Substituting the point \( (x,y) = (2,1), \)

\[\begin{align} \vec{E} &= -\left[2\cdot2\cdot(1)^{3} + (1)^{5}\right]\hat{i} - \left[3\cdot(2)^{2}\cdot(1)^{2} + 5\cdot(2)\cdot(1)^{4}\right]\hat{j} \\ &= -5\hat{i} - 22\hat{j} \\ \left|\vec{E}\right| &= \sqrt{25+484} \\&= \sqrt{509} \\ \Rightarrow \vec{E} &= \sqrt{509}\hat{r}, \end{align}\]
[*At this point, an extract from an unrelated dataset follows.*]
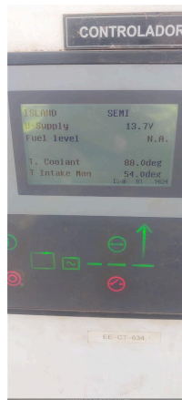
FOTO DO CONTROLADOR COM O VALOR DE TENSÃO DA BATERIA

where \( \hat{r} = -\dfrac{5}{\sqrt{509}}\hat{i} -\dfrac{22}{\sqrt{509}}\hat{j}. \)

In three dimensional space, the electric field at a certain point is given by

\[\vec{E} = \dfrac{5}{y}\hat{i} - 5 \dfrac{x}{y^{2}}\hat{j} + 8\hat{j}. \]

If \( V_{a}\) and \(V_{b} \) are the electric potentials at the points \( A=(1,1,1) \) and \( B=(2,2,2), \) respectively, find \( V_{b} - V_{a} \) given that the potential at the point \( (0,1,0) \) is 5 volts.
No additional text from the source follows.